The phone rang in our hotel room. Since The Haitian was still in the shower, I had to interrupt my Lifetime Original Movie to answer it.
"Hello?" I said.
The cold female voice on the other end replied, "Noah."
"Yes. Who is this?"
"Oh, you can't be serious. You poor, moronic fool."
"But of course!"
"How'd you find us?"
"Oh, can it Bennet. Let me talk to The."
"The Haitian. You two have worked together for so long, yet you still refer to him by his full name? How pedestrian!"
"The is in the shower. I'll tell him you called."
"Oh, Bennet, you certainly are quite the..."
And I hung up the phone. It was exhilarating! Far better than sex with Sandra.

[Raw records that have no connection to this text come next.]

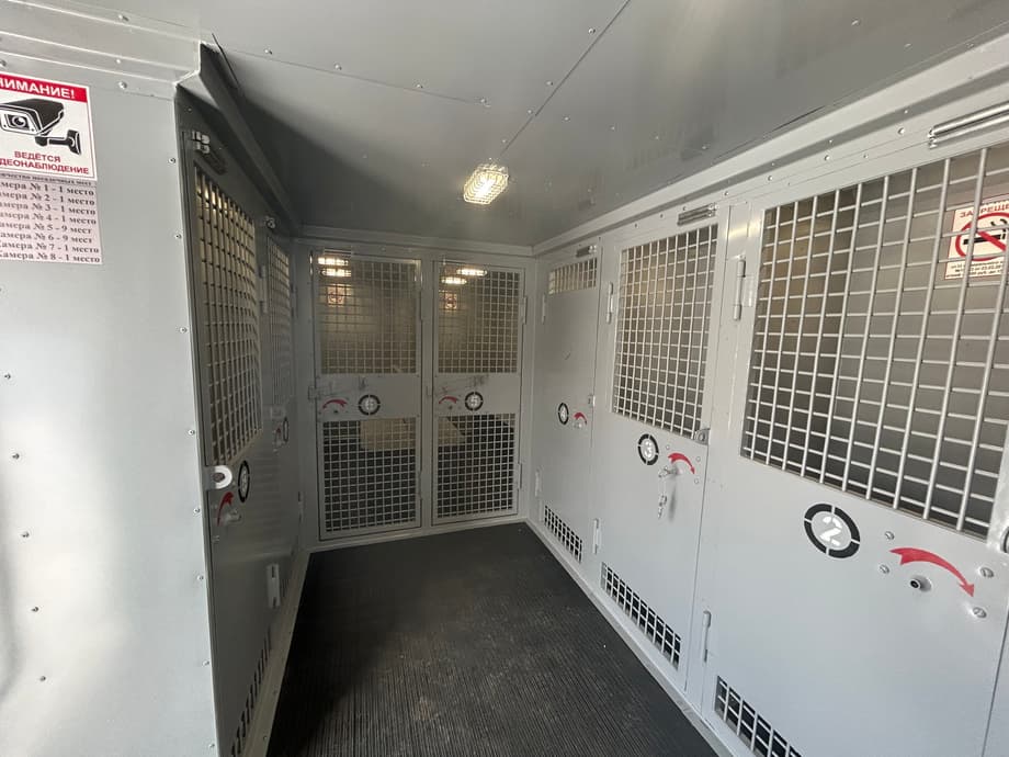 Машина рассчитана на 24 конвоируемых и 6 сотрудников, внутри — одиночные и общие камеры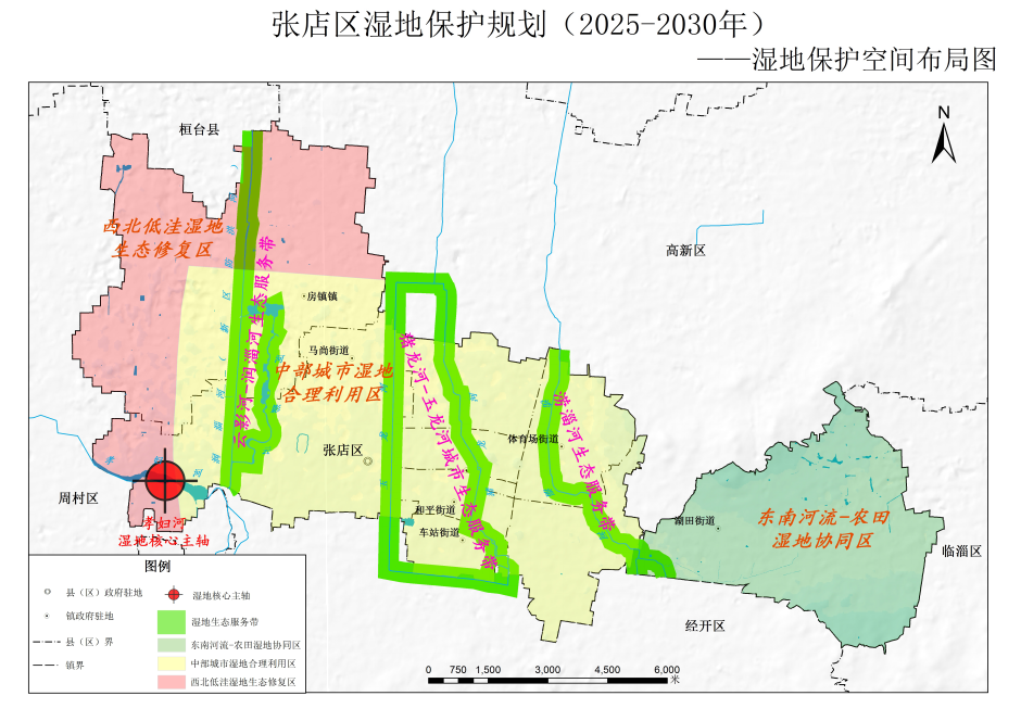 在此背景下,淄博市自然資源和規(guī)劃局張店分局組織編制了《張店區(qū)濕地保護規(guī)劃(2025—2030年)》(以下簡稱《規(guī)劃》)?!兑?guī)劃》主要包括背景分析、總體要求、空間布局、重點任務、環(huán)境影響評價、保障措施等內(nèi)容,明確了全區(qū)濕地保護目標和指標體系,提出了“一核引領、三帶貫通、三區(qū)協(xié)同、多節(jié)點鑲嵌”的濕地保護空間格局,規(guī)劃了濕地保護和修復重點工程,是指導當前和今后一個時期張店區(qū)濕地保護工作的綱領性文件。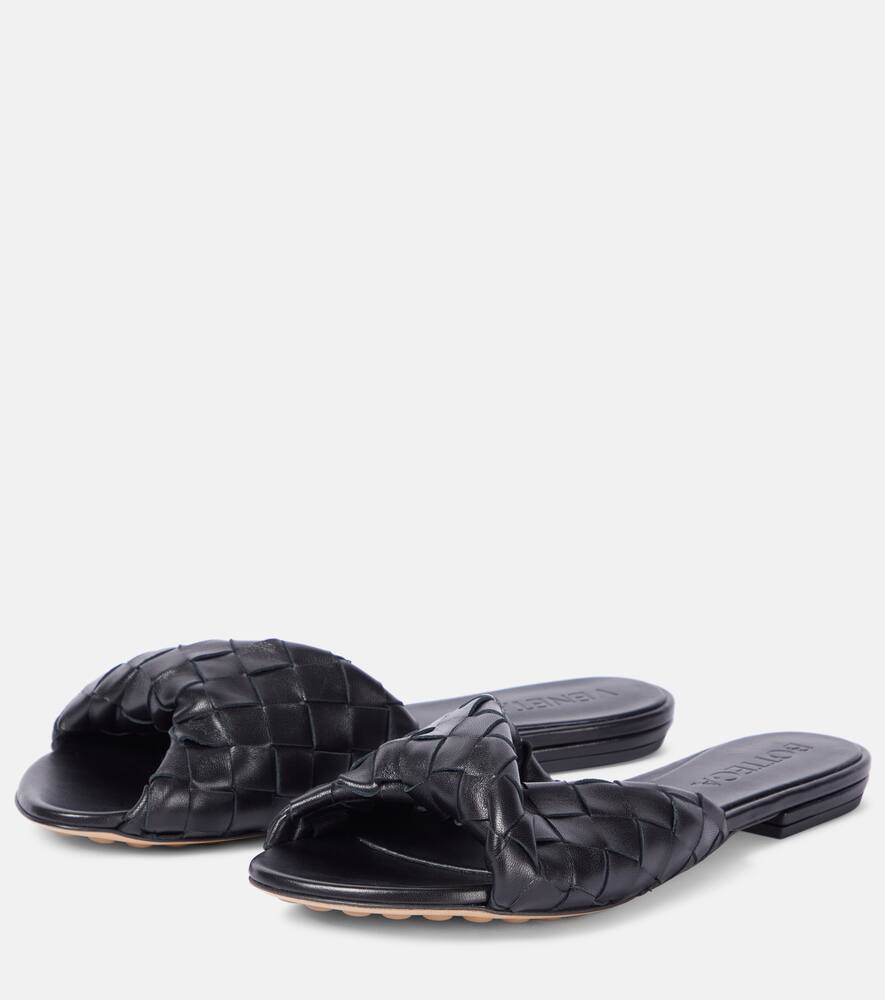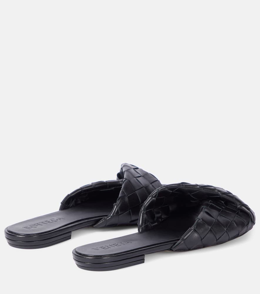 Upper: leather. Lining: leather. Sole: leather insole, rubber sole. Toe shape: round open toe. Made in Italy. Includes: shoe box. Designer color name: Black. Shop the latest Bottega Veneta Flat Sandals for women now.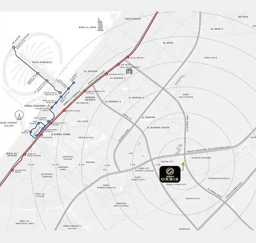 Sobha Orbis is a premium residential development by Sobha Realty located in Motor City, Dubai, spread across 12 acres. The project features modern high-rise towers with a focus on luxury and comfort, offering a wide range of resort-style amenities including swimming pools, landscaped gardens, sports courts, a clubhouse, and spaces for yoga and relaxation. Thoughtfully designed with sustainable features and smart home integration, Sobha Orbis provides a serene, green living environment while maintaining excellent connectivity to key roads and landmarks in Dubai. The project combines contemporary architecture with a community-oriented lifestyle, making it ideal for residents seeking a balanced mix of luxury, convenience, and leisure.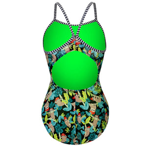 Enjoy the sun with UPF 50+ protection and dive into the water with confidence in the shape-retaining fabric. The performance cut sits at the hip, and the engineered fit withstands long hours in the water. Unwind and just hang with this sloth-inspired charm in a playful print that's as chill as you are!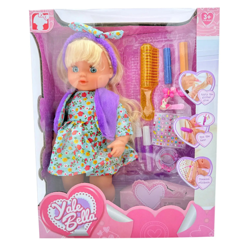 A kis divatrajongók álma válik valóra ezzel a 27 cm magas Yale Bella babával, aki mindig készen áll egy új frizura- vagy stílusváltásra. Ez a bájos baba aranyos, virágmintás ruhát visel, szőke haját pedig a gyerekek tetszésük szerint fésülhetik, díszíthetik és akár színezhetik is a mellékelt kiegészítők segítségével. A csomagban található hajformázó eszközök, csillámos díszek és színes hajtincsek gondoskodnak arról, hogy a játék mindig izgalmas és kreatív legyen.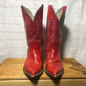 EEL SKIN LEATHER COWBOY BOOTS W/ POINTED TOE& CONTRAST STITCHING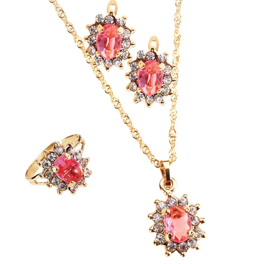 Это украшение великолепно и достойно вас! Комплект из сережек, кольца и подвески придаст вашему образу утонченность и неотразимость. Блеск нежного розового камня в оправе из белых кристаллов покорит окружающих – ваша нежность и загадочность сделает вас еще более прекрасной и элегантной!

(Note to Sandra: Just kidding. I love sex with you. I just wish you wouldn't insist on including Mr. Muggles.)
Finally, The Haitian came out of the restroom in a towel.
"You had a call," I said annoyed.
He ignored me.
"It was Angela Petrelli."
The Haitian started flexing his pecks, alternating between the left and right. "Watch this," he said.
"Don't change the subject! I won't be distracted by your strong, manly, dark and bouncing man-boobs again. Why did Angela call?"
I woke up in my hotel room bed in a puddle of my own drool. My head ached and I felt very groggy.
The Haitian was sitting, fully dressed, at the foot of the bed watching The Fairly Odd Parents on Nickelodeon.
"Haha!" I hollered, "You watch cartoons!"
"Hey, wake up," The Haitian shook me. My vision took focus slowly. He continued, "We need to get on with our mission."
"What happened to my pants?" I asked.